第四章福利经济学及其对现代社会福利思想的影响

教学要点:福利经济学的概念和基本内涵;福利经济学发展轨迹及其主要内容;福利经济学对现代福利思想的影响。教学时数:

6学时 教学内容:

第一节  旧福利经济学的出现

 

一、    福利经济学及其出现

 

1.福利经济学的特点

 

       福利经济学是兴起于19世纪末20世纪初的一个西方经济学分支,与以前我们所已经阐述的各种思想流派尤其是经济学派别相比较,福利经济学应该说并不是一个严格意义上的学术派别,大部分被称为福利经济学家的经济学家主要因为他们的经济思想中涉及到有关社会福利的相关主张,而这些主张并不是像其他经济学派别的思想家的思想那样具有相当程度的一致性,事实上,被称为福利经济学家们的福利经济学思想往往存在很大的区别,即使是对同一个问题或者概念,在福利经济学家的思想家之中也会出现非常明显的差异。

福利经济学思想包含在各种经济学派别的对社会福利问题的不同理解与主张之中,正如美国著名经济思想史学家斯坦利L·布鲁所指出的那样:福利经济学是经济分析的一个分支,它主要关注与发现最大化社会福利的原理。它并不是一个独特的、统一的思想体系。经济学本身经常被定义为研究社会如何选择使用其有限的资源来达到最大化满意程度。因此,几乎经济学家的每一个方面都包括福利经济学的内容。但是,有几位对经济学做出重要贡献的经济学家比其他经济学家更加关注于以下两个方面或其中之一:(1)定义福利最大化并且分析如何达到最大化福利;(2)确定阻碍实现最大化福利的因素并且建议去除阻碍因素的方式。因此,我们将这些个人称为福利经济学家。[1][1]

 

2.福利经济学出现的背景

 

在经济学领域中,有关社会福利的思想其实早已有之,但是,作为被学界所公认的福利经济学则出现于19世纪末20世纪初。福利经济学之所以出现于19世纪末20世纪初,是与这一时期西方国家的社会历史环境密切相关的。

首先,19世纪末20世纪初,第二次科学技术革命的展开,极大地促进了西方社会经济的发展,西方国家的社会生产力大大提高,社会物质财富的积累也明显增加,于是,有关社会财富如何分配以更好地促进社会发展,使民众能够合理地分享日益增加的社会财富成为备受思想界关注的问题。

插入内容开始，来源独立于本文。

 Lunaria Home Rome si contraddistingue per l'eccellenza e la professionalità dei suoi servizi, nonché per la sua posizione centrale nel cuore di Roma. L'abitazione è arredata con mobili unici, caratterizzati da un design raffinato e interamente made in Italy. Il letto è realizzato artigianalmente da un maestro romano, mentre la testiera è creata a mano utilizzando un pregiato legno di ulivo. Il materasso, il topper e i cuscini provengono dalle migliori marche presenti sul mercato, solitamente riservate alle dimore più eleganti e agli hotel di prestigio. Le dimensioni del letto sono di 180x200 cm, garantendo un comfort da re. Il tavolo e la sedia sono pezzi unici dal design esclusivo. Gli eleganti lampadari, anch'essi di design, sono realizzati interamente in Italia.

其次,19世纪末20世纪初,各种社会问题开始逐渐严重并日益具有社会化。这些社会问题出现和加剧的原因以及社会问题的性质,与以前各个历史时期相比有了根本的不同。如果说以往各个历史时期的社会问题出现和加剧的主要原因是由于社会发展的相对落后造成的,那么,19世纪末20世纪初社会问题的出现与加剧则是社会高度发展过程中的伴生物,这些社会问题的原因都存在很大程度的客观性,它们与社会发展相伴而起,是社会发展过程中缺乏有效的社会调控的结果,这就需要思想界在关注社会财富增长的同时更加关注社会问题的解决。

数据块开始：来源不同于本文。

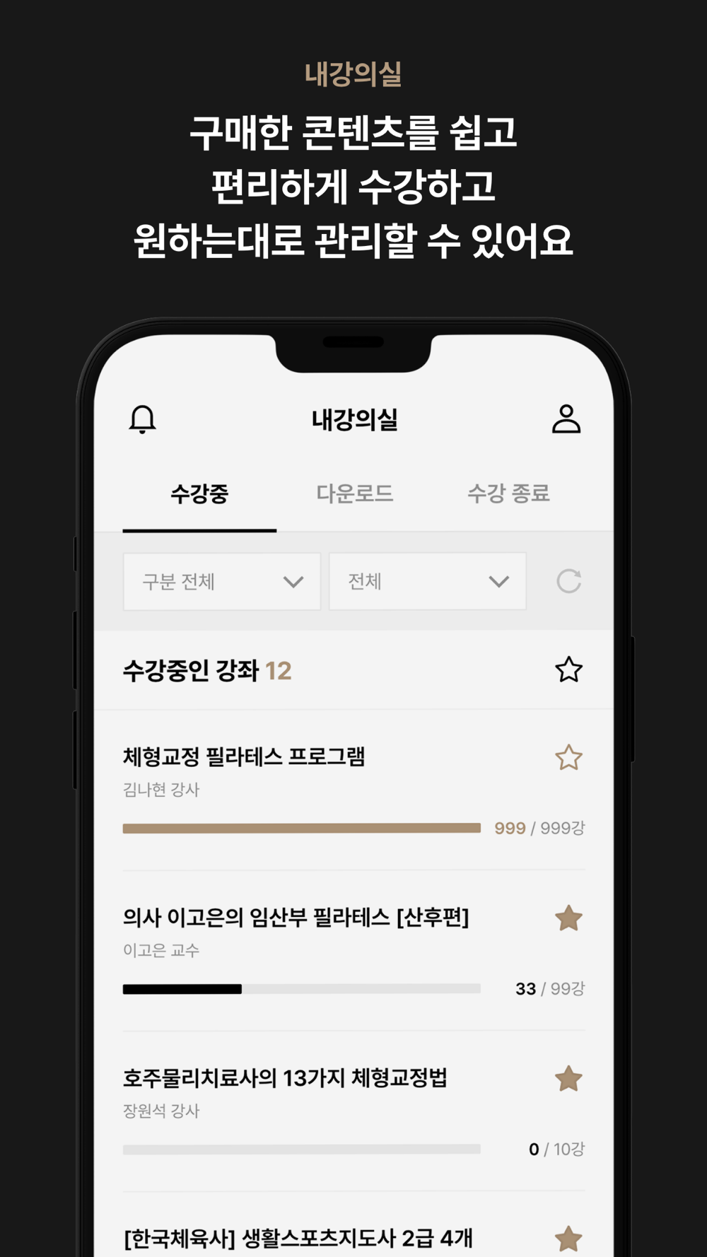이파마스터 수강 앱으로 사이트에서 수강 중인 강의를 언제, 어디서나 스트리밍과 다운로드를 통해 모바일에서 수강해보세요!

再次,19世纪末20世纪初,各种社会思潮开始纷纷出现,其关注的焦点是如何在社会经济快速发展的过程中尽量预防或弱化社会问题。德国的新历史学派提出应该实行有效的政府干预,建立社会政策体制,实行政府强制型社会保障,实现社会问题的有效控制与解决;英国的激进自由主义同样强调政府应该实行对经济与社会生活的干预,以便合理解决社会问题;英国的费边社会主义也提出强化国家干预,实行有效的社会政策的主张。而新古典学派则坚持主张市场在经济与社会生活中的主导作用,同时主张社会财富应该通过比较合理的分配实现经济与社会的平衡发展。

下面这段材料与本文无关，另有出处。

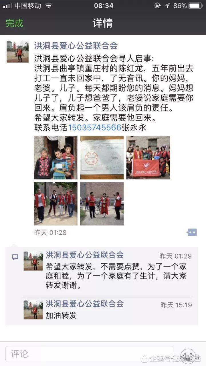 为此,媒体及洪洞爱心公益联合会希望陈某本人看到消息之后尽快与家人团圆,肩负起一个男人应有的责任,这个家需要你!同时呼吁全社会转发寻找,有陈某相关信息时恳请及时联系张永永:15035745566

正是在上述经济、社会与思想背景下,19世纪末20世纪初的一些经济学家开始关注经济生活中的社会福利问题,其所关注的主要内容为如何在经济发展过程中实现社会福利的最大化,于是,福利经济学便应运而生。

 

3.福利经济学的思想渊源

 

福利经济学具有悠久的思想渊源,可以说,从近代西方经济学开始出现,福利经济学的一些主张也就包含其中。一般认为,古典政治经济学是西方近代经济学的开端,因此,在古典政治经济学家的思想中,已经包含着福利经济学一些原始思想,在亚当·斯密、李嘉图与马尔萨斯的著作中,不仅到处都包含着关于财富的来源与财富的增长途径的论述,还包含着如何分配财富以实现财富增长的持续性与工资劳动者福利的不断改善的论述,特别是亚当·斯密在其《道德情操论》中更加突出地论述了公共幸福高于个人幸福的思想,他指出:天性也教导我们,由于两个人的幸福比一个人的更可取,所以许多人的或者一切人的幸福必然是无限重要的。我们自己只是一个人,所以,无论什么地方我们自己的幸福与整体的或者整体中某一重大部分的幸福不相一致时,应当——甚至由我们自己来做出选择的话也是这样——使个人的幸福服从于如此广泛地为人所看中的整体的幸福。[2][2]显然,古典政治经济学的一些思想成为福利经济学的思想渊源之一。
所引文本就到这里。